Pabau’s claims management tools help sleep medicine practices build the documentation and claim submission workflows that reduce denial rates and support clean claim rates above 95%. To see how Pabau handles sleep lab billing workflows, book a demo.
Frequently Asked Questions
CPT Code 95811 is used for attended polysomnography with initiation of CPAP or bi-level ventilation in a facility-based sleep lab, for patients aged 6 or older with 4 or more additional sleep parameters monitored. It covers split-night studies, standalone titration studies, and any attended session where PAP therapy is initiated.
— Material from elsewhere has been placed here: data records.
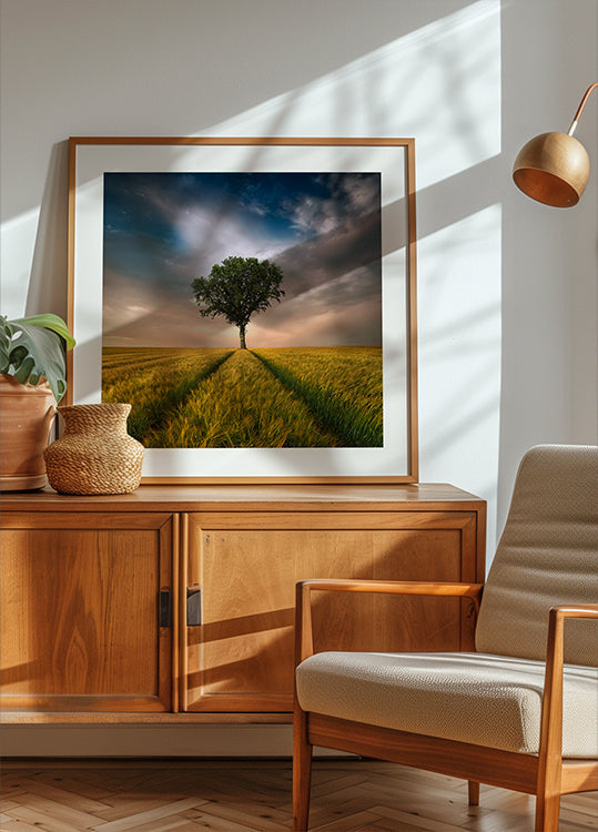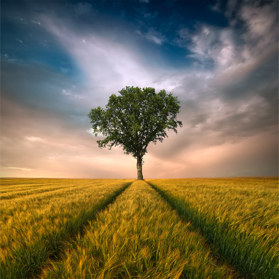 Fotogrāfs Pjotrs Krols (Bax) iemūžina vientuļu koku slīdošā, zeltainā kviešu lauka vidū. Mīkstas rievas griežas cauri ainavai un ved aci pretī horizontam, kur silta vasaras gaisma satiekas ar plašām atklātām debesīm. Kluss, poētisks mirklis no Polijas laukiem, piepildīts ar mieru, dziļumu un perspektīvu. Un ceru.
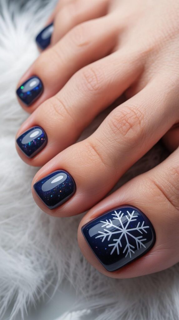 Deep navy blue polish shimmers with cosmic glitter, while one accent toe features a bold white snowflake — like a starry winter night captured in miniature. The glossy finish catches every glint of light, making it perfect for evening events or snowy strolls.
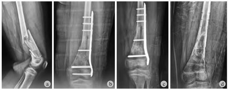 a:左股骨远端粉碎骨折;b:切开复位+跨骺板Liss钢板固定;c、d:术后2个月虽然取出骨骺内螺钉,7个月后仍然出现膝外翻畸形

CPT 95810 is diagnostic-only polysomnography with no CPAP initiation. CPT Code 95811 includes all the same components plus the initiation of CPAP or bi-level ventilation during the study.
A split-night sleep study combines diagnostic polysomnography and CPAP titration in a single overnight session, billed under CPT Code 95811. Do not bill 95810 and 95811 separately for the same night.
Yes. When the interpreting physician and sleep facility are separate billing entities, the physician bills 95811-26 and the facility bills 95811-TC. Neither party should bill the global rate.
CPT Code 95811 requires a facility-based sleep study laboratory; home and mobile settings are not eligible. Use POS 49 for standalone sleep labs or POS 22 for hospital-based sleep labs.
CPT 95808 applies when fewer than 4 additional parameters are monitored and no CPAP is initiated. If CPAP is initiated at any point, CPT Code 95811 is the correct code.